Nonaka understood the creation of new knowledge as transforming tacit knowledge in an employee’s mind into explicit knowledge through innovation.

According to Nonaka, this conversion of tacit into explicit occurs through the social interactions among members of a human group. Through imitation, knowledge is transferred from one individual to another.

Tacit knowledge can also be converted into explicit knowledge by creating contexts where individuals must justify their beliefs.

Davenport and Prusak listed four methods to turn information into knowledge.

• Comparison — By comparing the information we have on two situations, we can identify similar and distinct elements and determine if a known method that applies to the first situation can also be used in the second with some variation.
• Consequences — How would our decisions and actions change given the information we possess?
• Connections — How do bits of knowledge combine and relate to other bits? Does it enforce our current assumptions, or does it render them inconsistent?
• Conversation — In peer conversations, information is analyzed and distilled, updating our mental models.

Interestingly, in Takeuchi and Nonaka’s work, as well as Davenport and Prusak, knowledge is created first and foremost in the human mind with information at its disposal.

### 4.4 Knowledge Embedded in Processes

Hiking, scuba diving, surgery, and many other risk-prone activities are heavily constrained by rules and processes to ensure operational success.

The surgeon’s protective clothing, tools’ checklists, patient preparation, and handwashing rituals were perfected over many years, even generations, and have come to incorporate a massive body of knowledge that cannot be easily explained or communicated.

Every failure in an operation’s theatre provided a learning experience and an opportunity to improve existing processes and expand or reshape the frontiers of the present knowledge.

You can only codify a fraction of this vast wisdom in books, journals, or magazines, and new surgeons can only be prepared by a combination of formal education and apprenticeship.

Sometimes, explaining why certain traditions and cultures maintain specific assumptions is challenging. Still, their survival over many generations signifies their usefulness and value.

## 5. Final Words

We conclude this article with a sobering thought on the nature of competition in modern times.

Historically, organisations retained their competitive advantage by aggressively protecting their trade secrets and defending their sources of raw materials.

With globalisation, technological advances cannot be easily protected, and competitors quickly imitate and even improve original ideas, swiftly becoming mainstream.

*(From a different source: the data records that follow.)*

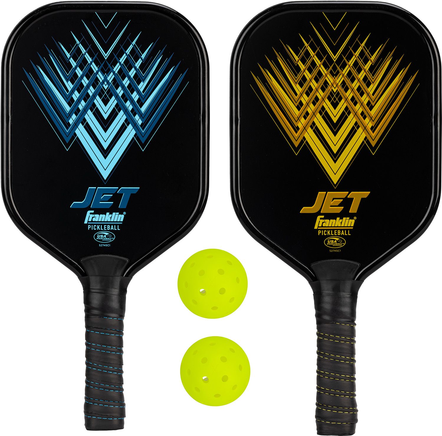 If you're new to the game of pickleball or looking to add friends and family to your matches, the Franklin Sports 2 Player Pickleball Paddles + Balls Starter Set is the perfect bundle for you! This starter pickleball set comes with (2) aluminum Jet pickleball paddles and (2) X-40 outdoor pickleballs included, so you have all the accessories you need for two players to hit the court and play. The aluminum Jet pickleball paddles are built for quality performance and superior durability for long lasting play.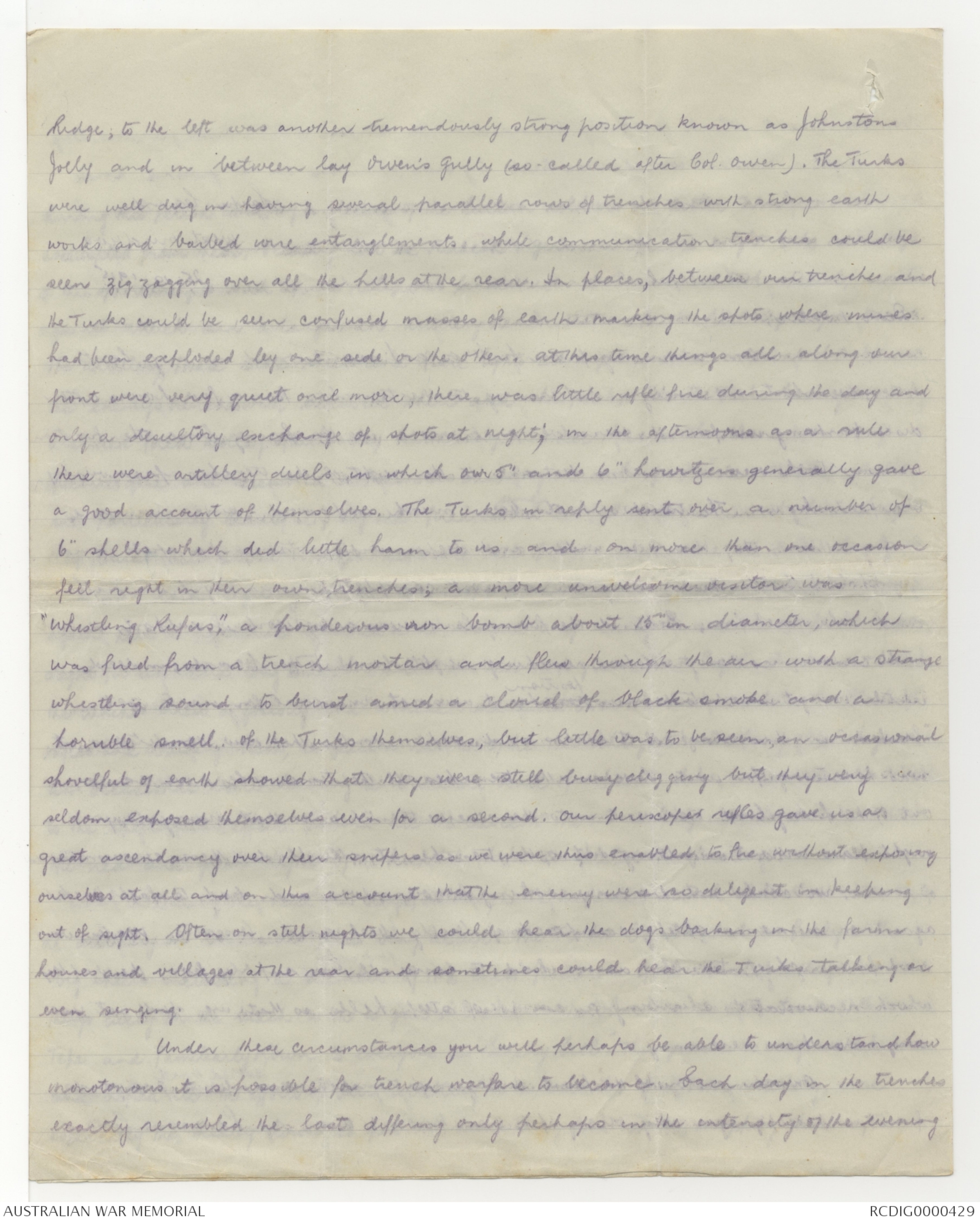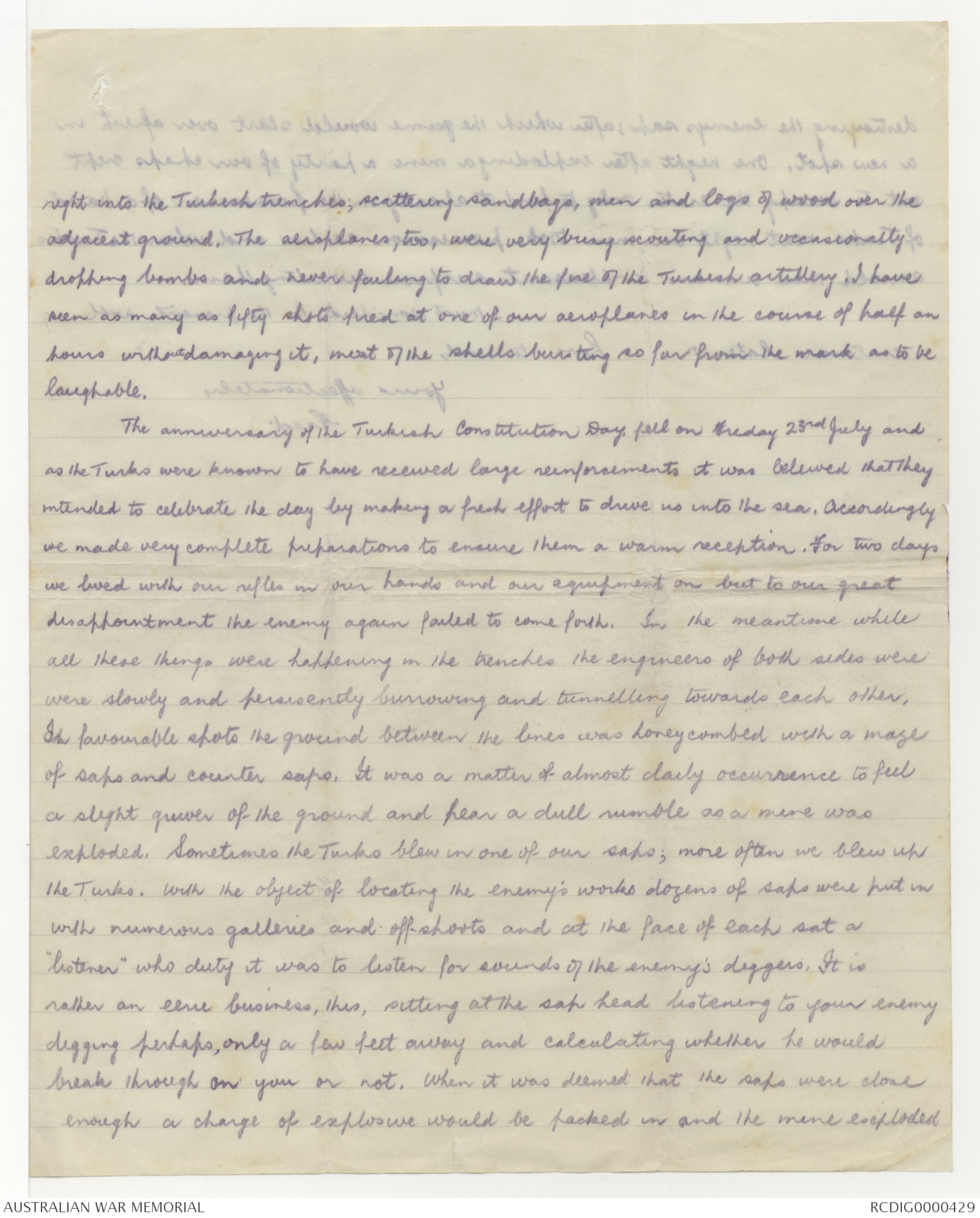 unusual activity would inevitably draw the fire of the Turkish, artillery on us most of
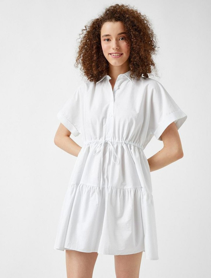 Beyaz midi boy pamuklu elbise, kısa kollu ve yakalıdır. Beli bağcıklı, bol kesim ve hafif batik desenlidir, günlük rahat şıklık sunar.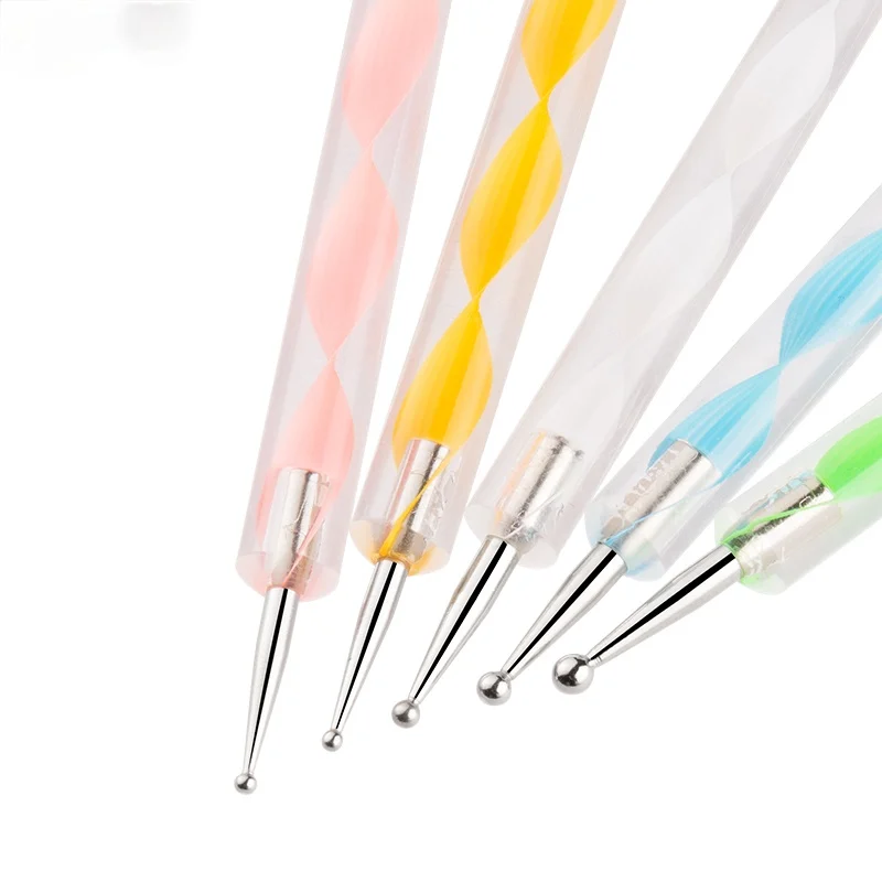 Особенности:А. 5 шт. двусторонние точечные инструменты:A.1.Это 5 точечных ручек для ногтей с 2 разными концами для разных желаний мраморностиА. 2Один конец с большим шаром и другой конец с меньшимА. 3.Идеально подходит для изобразительного дизайна ногтейА. 4.Подходит для профессионального или домашнего использованияА. 5Идеальное средство для женщин, которые любят макияжA.6.Состояние: новоеА. 7.Длина: Прибл. 4,92 дюйма/125 смА. 8.Цвет: случайный цвет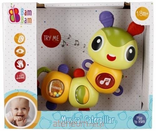 Interaktywna Muzyczna GĄSIENICA, zabawka spełniająca funkcję- grzechotki, gryzaka oraz pozytywki, na każdy etap rozwoju dziecka. Zróżnicowana faktura i materiały, w tym ruchome elementy oraz mrugające przyciski, wygrywające melodie oraz odgłosy radosnego dziecka ,dostarczają szeregu bodźców, aktywizując wszechstronny rozwój dziecka, począwszy od zmysłów poprzez zdolności manualne, motoryczne oraz percepcję i wyobraźnię. Czułki Gąsienicy oraz nóżki pełnią rolę gryzaka, przynosząc ulgę dziecku w trudnym okresie ząbkowania. Gąsienica posiada trzy obracane części tułowia, na każdym umieszczone inne dodatki,1- przycisk z melodyjkami oraz gaworzeniem i śmiechem dziecka, 2- obracająca się wewnątrz niewielka kulkami 3- z kilkoma małymi kuleczkami umieszczonymi za przezroczystą plastikową szybką .Wymiary/waga/baterie: wymiary produktu (dł. x wys. x gł.)[cm]: 15x19x6, wymiary opakowania (dł. x wys. x gł.)[cm]: 17x20x7, waga produktu bez opakowania [kg]: 0,14 kg, waga produktu w opakowaniu [kg]: 0,24 kg. Zabawka przeznaczona dla dzieci w wieku: 18M+. Wymaga zasilania bateriami 2x AAALR03- załączone do zestawu. Zestaw pakowany w kartonik z okienkiem.

The strategic imperative of securing a competitive edge forced organisations to turn to knowledge assets and intellectual capital as a source of constant innovation and improvement and to keep them at least one step ahead of the competition.

Paul Romer’s original quote vividly illustrates the point.

In a world with physical limits, it is discoveries of big ideas (for example, how to make high-temperature superconductors) together with the discovery of millions of little ideas (better ways to sew a shirt) that make persistent economic growth possible. Ideas are the instructions that let us combine limited physical resources in arrangements that are ever more valuable. — Paul Romer

Combining influential discoveries with Operational Excellence replaced cutting-edge technology as the prime source of competitive advantage.